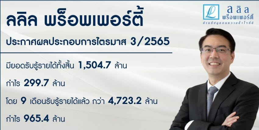 นายชูรัชฏ์ ชาครกุล กรรมการผู้จัดการ บริษัท ลลิล พร็อพเพอร์ตี้ จำกัด (มหาชน) กล่าวว่า ผลการดำเนินงานไตรมาส 3 ที่ผ่านมาบริษัทมียอดรับรู้รายได้ 1,504.7 ล้านบาท ปรับลดลง 7.4% เนื่องจากงานก่อสร้างล่าช้าเพราะปีนี้มีฝนตกมากกว่าปกติ
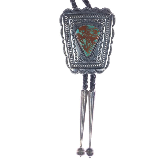 c1950‘s Roy Vandever Navajo sterling silver, turquoise, coral bolo tie Tested and guaranteed solid sterling silver slide and tips. Weight and measurements in pictures. Great bolo, 39" long with no issues. Tray is tared out, so weight shown is just the bolo of course. Roy Vandever, Diné, Navajo Nation, active ca 1950s-2009: silver stampwork, shadowbox, chip inlay jewelry. Roy Vandever was the son of Walter Vandever and Emma Vandever; uncle of Esther Vandever Wood; husband of Donna Vandever; father of Cassandra Xalladitto, Cindy Howe, Verna Kee, Sheila Vandever, Sherwood Vandever, and Jerome Vandever.
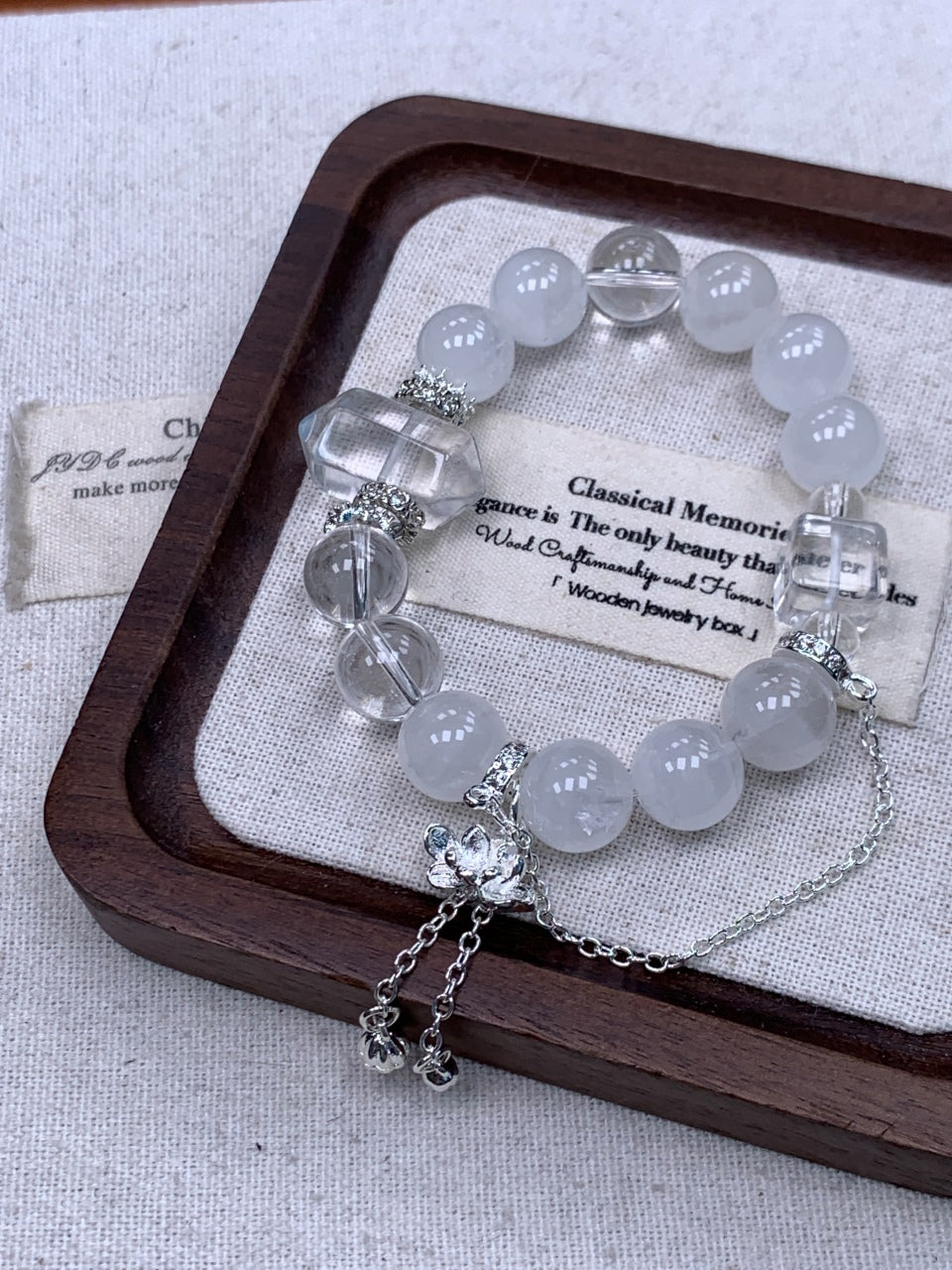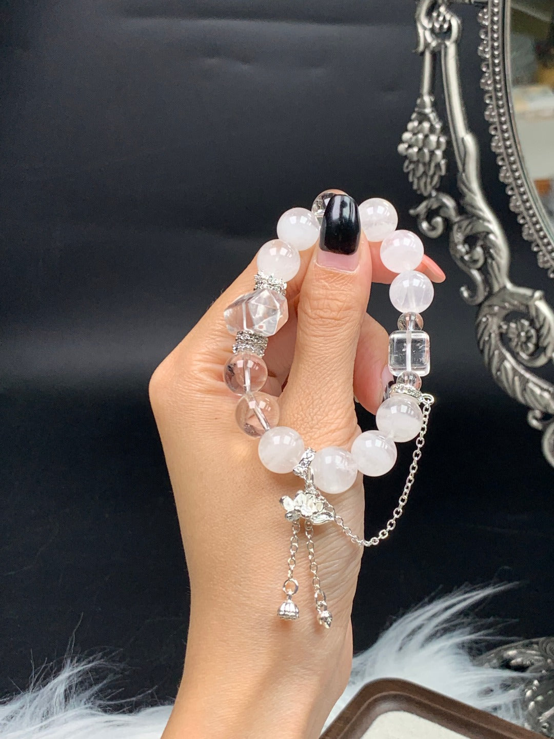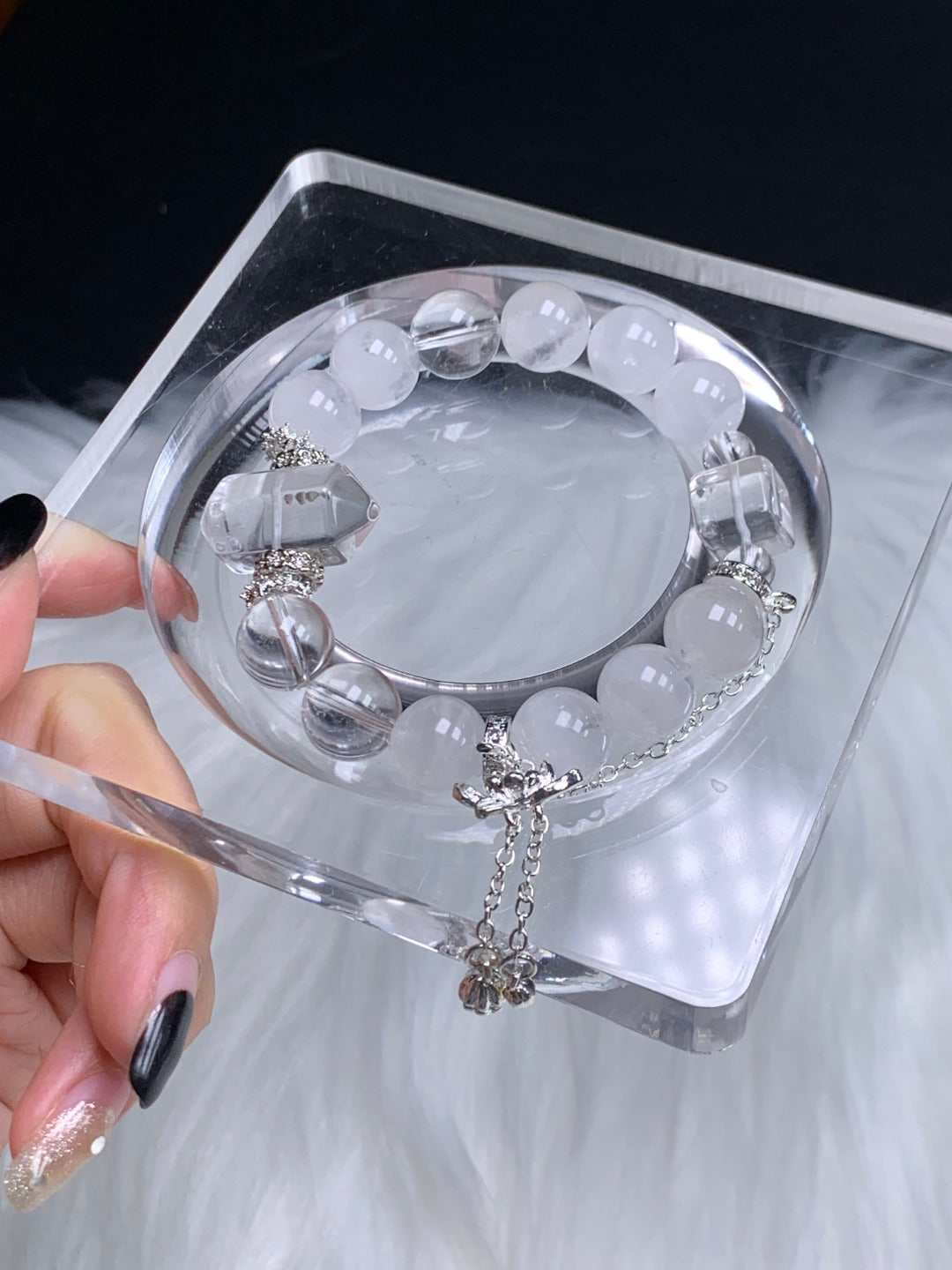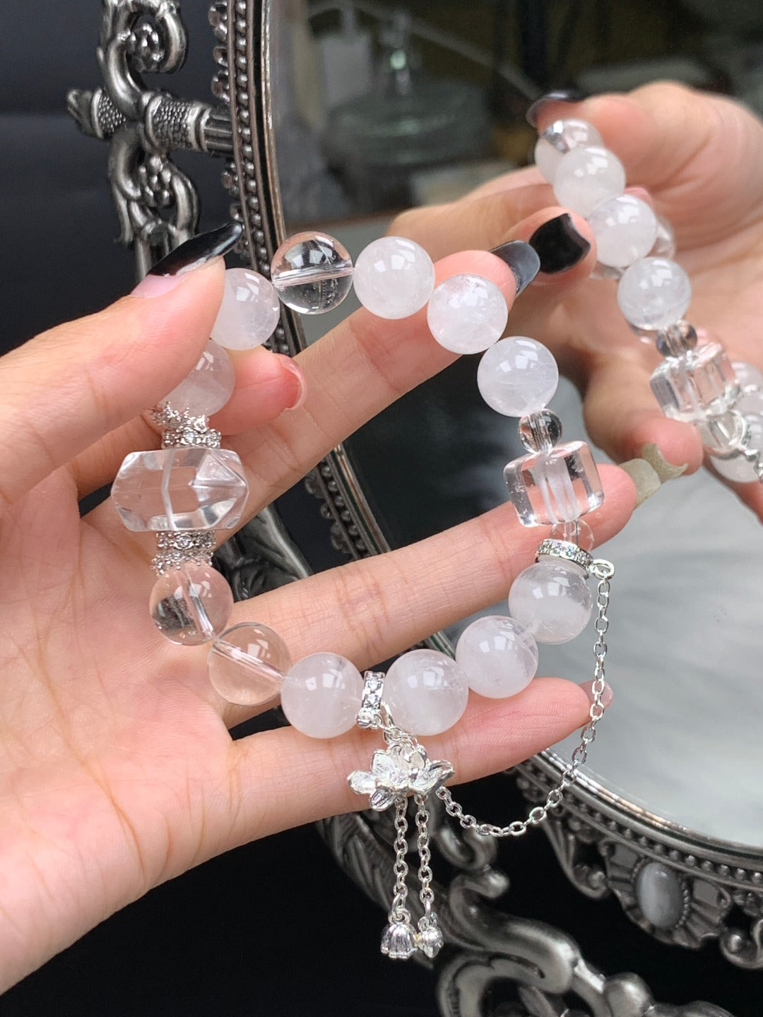 White crystal is pure and flawless, like a clear stream. It has powerful purifying power, which can wash away the dust in your soul and protect the purity of your heart. Thousand Layers of Ghost is mysterious and unpredictable, and its layers of texture seem to carry the power of precipitation and protection over the years. The white crystal sugar cubes are sweet and lovely, adding warmth to the purity. The white crystal facets shine brightly, like agile elves. This bracelet brings them together to show the beauty of pure souls, making you feel as if you are surrounded by pure and mysterious energy when wearing it, adding a unique temperament and attracting beauty and happiness.

REQUIRED ACTION
Strip out the pictures and quote the remaining data word for word.

ANSWER SECTION
 นายชูรัชฏ์ ชาครกุล กรรมการผู้จัดการ บริษัท ลลิล พร็อพเพอร์ตี้ จำกัด (มหาชน) กล่าวว่า ผลการดำเนินงานไตรมาส 3 ที่ผ่านมาบริษัทมียอดรับรู้รายได้ 1,504.7 ล้านบาท ปรับลดลง 7.4% เนื่องจากงานก่อสร้างล่าช้าเพราะปีนี้มีฝนตกมากกว่าปกติ
 c1950‘s Roy Vandever Navajo sterling silver, turquoise, coral bolo tie Tested and guaranteed solid sterling silver slide and tips. Weight and measurements in pictures. Great bolo, 39" long with no issues. Tray is tared out, so weight shown is just the bolo of course. Roy Vandever, Diné, Navajo Nation, active ca 1950s-2009: silver stampwork, shadowbox, chip inlay jewelry. Roy Vandever was the son of Walter Vandever and Emma Vandever; uncle of Esther Vandever Wood; husband of Donna Vandever; father of Cassandra Xalladitto, Cindy Howe, Verna Kee, Sheila Vandever, Sherwood Vandever, and Jerome Vandever.
 White crystal is pure and flawless, like a clear stream. It has powerful purifying power, which can wash away the dust in your soul and protect the purity of your heart. Thousand Layers of Ghost is mysterious and unpredictable, and its layers of texture seem to carry the power of precipitation and protection over the years. The white crystal sugar cubes are sweet and lovely, adding warmth to the purity. The white crystal facets shine brightly, like agile elves. This bracelet brings them together to show the beauty of pure souls, making you feel as if you are surrounded by pure and mysterious energy when wearing it, adding a unique temperament and attracting beauty and happiness.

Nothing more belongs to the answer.